In the example data set we don't have perfect multicollinearity, which would prevent OLS from running, so I fit an OLS model. The model has an MSE of 0.27 and an R-squared of 0.70. However, the regression diagnostics tells us that many of the features are not significant in the model.

Checking the linear regression assumptions reveals many violations.

Linearity check: predicted vs. actual — Image created by author.

Normality of residuals: Q-Q plot — Image created by author.
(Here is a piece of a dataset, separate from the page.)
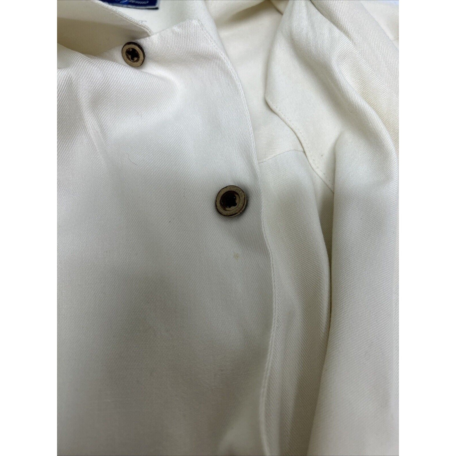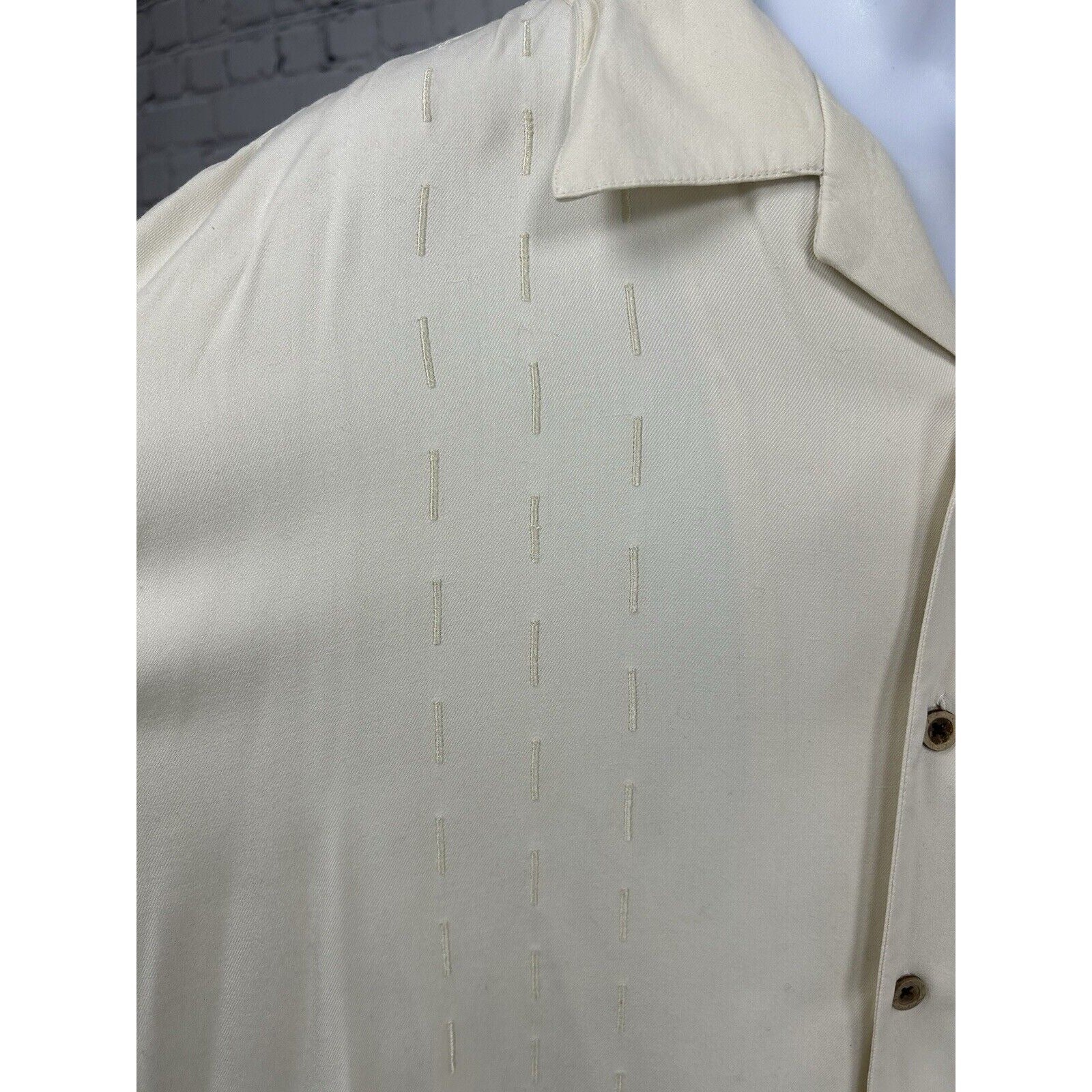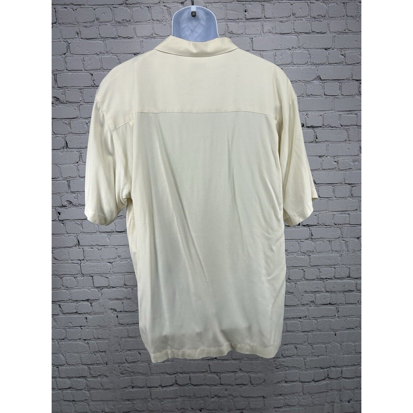 Tom James Embroidered Ivory Short Sleeve Button Down Silk Blend Shirt Men’s XL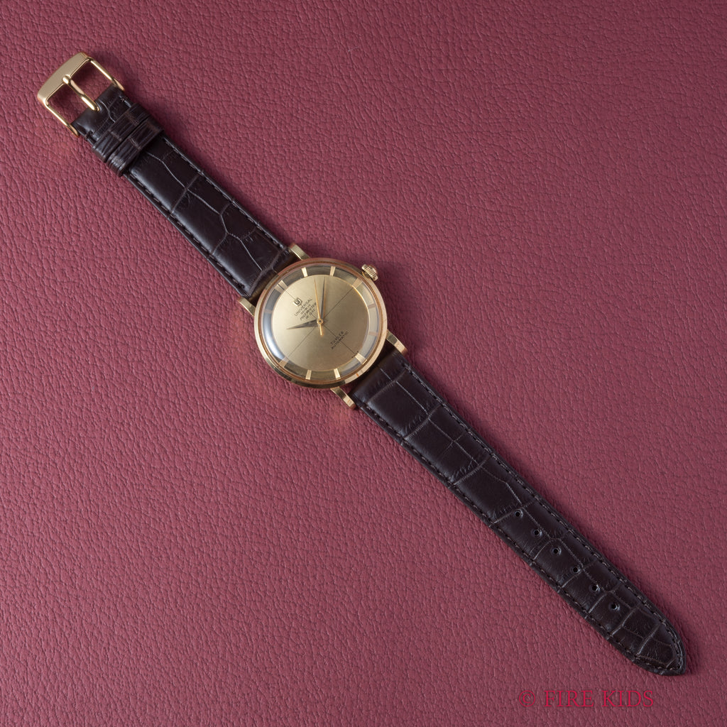 ユニバーサル・ジュネーブ 18金無垢ポールルーター デラックス 1950年代製 自動巻 Cal.138SS の入荷になります。ユニバーサル・ジュネーブの名作ポールルーターの初期型18金無垢ケース、タキシードダイヤルです。バンパー式オートマチックの独特の4分の3回転ローターの感触が楽しめます。文字盤はシミ等無く綺麗です。ケースは小傷が見られますが大きなダメージはありません。ムーブメントはCal.138SSを搭載しています。ベルトはファイアーキッズオリジナルのクロコダイル革ベルトが取り付けられています。こちらの時計は分解掃除済みです。

Homoscedasticity: residuals vs. predicted — Image created by author.

Variance inflation factors (VIF) — Image created by author.

The assumption violations and non-significant parameter estimates let us know that OLS is inappropriate unless we drop some features and potentially transform others.

Frequently Asked Questions

What does partial least squares tell you?

PLS tells us which independent variables are most important for predicting the dependent variables and how these variables are related to each other through underlying latent factors, offering a nuanced understanding of how groups of predictors collectively influence a set of outcomes.

What is the difference between partial least squares (PLS) and principal component analysis (PCA)?

PCA aims to reduce the dimensionality of a single set of variables by creating a new set of principal components that capture the maximum variance within that set. PLS reduces dimensionality while also maximizing the covariance between the independent and dependent variable(s), making it more suitable for prediction.

What is the difference between partial least squares (PLS) and ordinary least squares (OLS)?

OLS becomes unstable and unreliable when independent variables are highly correlated or when the number of variables is large relative to the number of observations. PLS is specifically designed to handle these situations by extracting latent variables that capture the most important information from both the independent and dependent variables while removing multicollinearity (components are orthogonal). Additionally, components are built in order of most covariance, so we can build a well fitting model with fewer variables(dimensionality reduction).